Your sales team is drowning in raw lead data. You’ve scraped thousands of contacts from LinkedIn, Apollo, or custom sources, but half have missing emails, the phone formats are inconsistent, and nobody wants to manually clean 2,000 rows in a spreadsheet before Monday’s call list is ready. There has to be a better way.
There is. This guide walks you through building a fully automated AI lead processing pipeline in n8n that scrapes leads with Apify, validates and deduplicates them using Google Gemini, writes clean records to Google Sheets, and sends your team a Telegram summary, all without touching a single CSV file.
Prefer to skip the build? Grab the ready-made template → and have it running in under 10 minutes.
What You’ll Build
- A parent workflow (or manual trigger) fires this sub-workflow, passing along scraping parameters.

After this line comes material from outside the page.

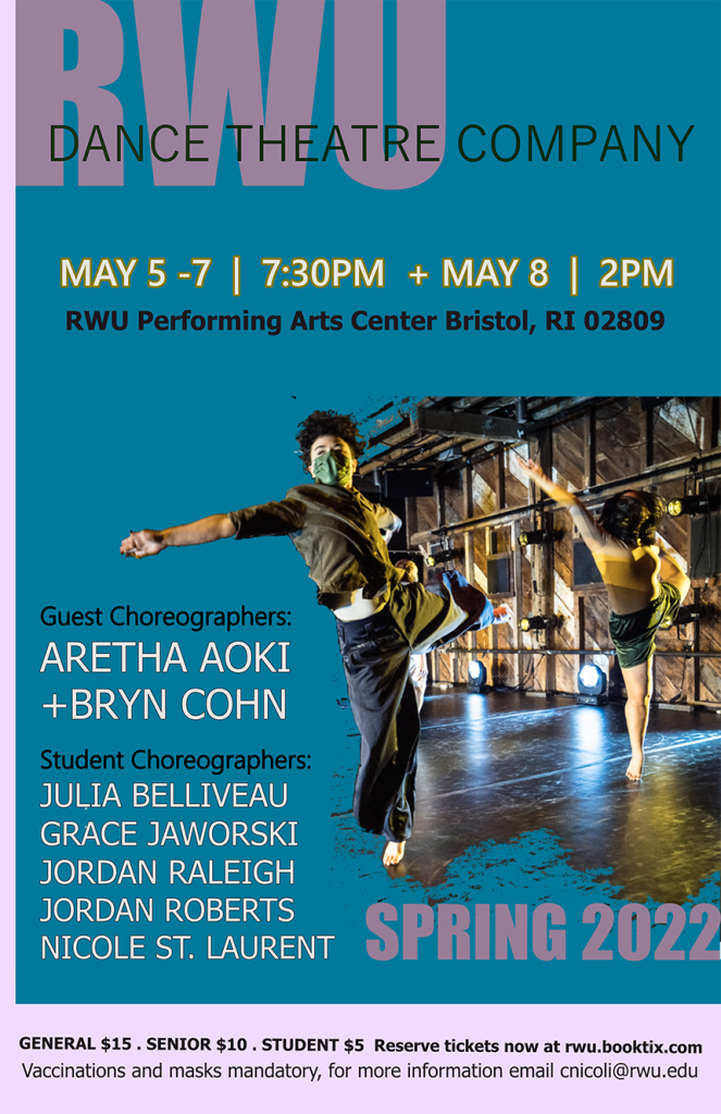 Dance Theatre Company – the Program’s professionally-oriented student dance company will be presenting this semester's capstone week of performances, featuring the work of our spring guest choreographers Aretha Aoki and Bryn Cohn – as well as five works by student choreographers: Julia Bellieveau, Grace Jaworski, Jordan Raleigh, Jordan Roberts, and Nicole St. Laurent! Join us in celebrating the successes of Spring 2022 – and have a chance to applaud our dancers for all their hard work and community spirit!

- n8n sends a POST request to kick off your Apify actor (e.g., Apollo scraper, LinkedIn scraper, or any custom actor).
- After a 30-second wait, the workflow polls Apify for results and feeds them into a batching loop.
- Google Gemini AI processes up to 1,000 leads per batch, validating required fields, deduplicating by email, generating unique Lead IDs, and formatting phone/location data.
- Validated leads are appended to a Google Sheet. Your team receives a Telegram message per batch showing exactly how many leads were added, flagged, or rejected.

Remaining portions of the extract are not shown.